# The Central Limit Theorem

Tutorial https://www.hackerrank.com/challenges/s10-the-central-limit-theorem-1/tutorial

The central limit theorem states that under certain (fairly common) conditions, the sum of many random variables will have an approximately normal distribution.
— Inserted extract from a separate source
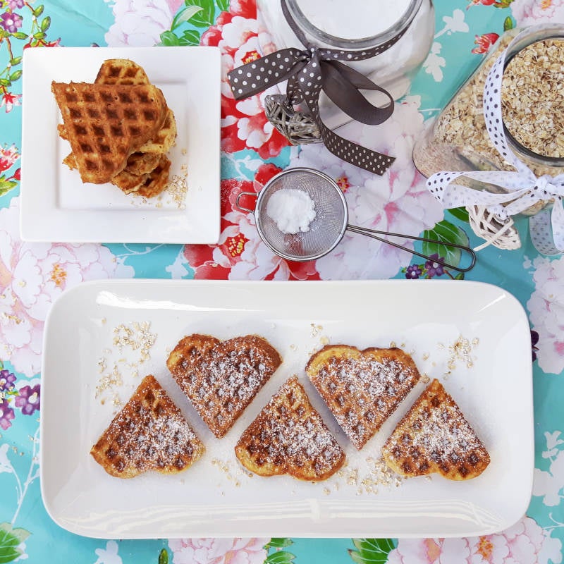 HAVERMOUT WAFELS! Dat is nog eens lekker ontbijten, met zulke goudbruine, warme wafels. Met een beetje poedersuiker er over, of honing, een plak kaas of vers fruit...

https://en.wikipedia.org/wiki/Normal_distribution#Central_limit_theorem

For large n, the distribution of sample sums $S_n$ is close to normal distribution N ($\mu', \sigma'$) where:
$$\mu' = n . \mu$$
$$\sigma' = \sqrt{n} . \sigma$$

### Exercise

In [7]:
'''Standardized Z'''
import math

max_load = 9800 # max load can be transported (pounds)
n = 49 # number of box

# Box weight follows distribution ~ (mean = 205, stdev = 15)
mean = 205 # per box (pounds)
stdev = 15 # per box(pounds)

# for sum S (of all 49 boxes) is close to normal distribution with (MEAN, STDEV) where:
MEAN = mean * n
STDEV = stdev * math.sqrt(n)

# Standardize z to make a standard nomal distribution ~(0,1)
z = (max_load - MEAN) / STDEV

def phi(x):
    'Cumulative distribution function for the standard normal distribution'
    return (1.0 + math.erf(x / math.sqrt(2.0))) / 2.0

# Probability that elevator can safely transport all 49 boxes (Weight of 49 boxes is below max_load)
result = phi(z)
print(round(result, 4))

0.0098


### Exercise II

In [3]:
import math
'''question'''
# number of student
n = 100
# number of ticket per student ~ (mean = 2.4, stdev = 2.0)
mean = 2.4
stdev = 2.0
# number of ticket left
left = 250
# what is the probability that all 100 students will be able to purchase tickets?
'''answer'''
# Sum ticket of n students (S variable ~ (MEAN, STDEV))
MEAN = n * mean
STDEV = math.sqrt(n) * stdev
standardized_S = (left - MEAN) / STDEV
# standardized_S ~ standard normal distribution ( mean = 0, stdev = 1)

def phi(x):
    'Cumulative distribution function for the standard normal distribution'
    return (1.0 + math.erf(x / math.sqrt(2.0))) / 2.0

print(round(phi(standardized_S),4))

0.6915


### Exercise III

In [17]:
import math
'''question'''
# sample of 100 from a population ~ (mean_pop = 500, stdev_pop = 80)
n = 100
mean_pop = 500
stdev_pop = 80

# sample ~ (mean_sam = mean_pop, stdev_sam = stdev_pop / math.sqrt(n))
mean_sam = mean_pop
stdev_sam = stdev_pop / math.sqrt(n)

# Compute the interval that covers the middle 95% of the distribution of the sample mean
p = .95
# z score = 1.95
z = 1.95

'''answer'''
A = mean_sam - stdev_sam * z
B = mean_sam + stdev_sam * z
print(round(A, 2))
print(round(B, 2))

484.4
515.6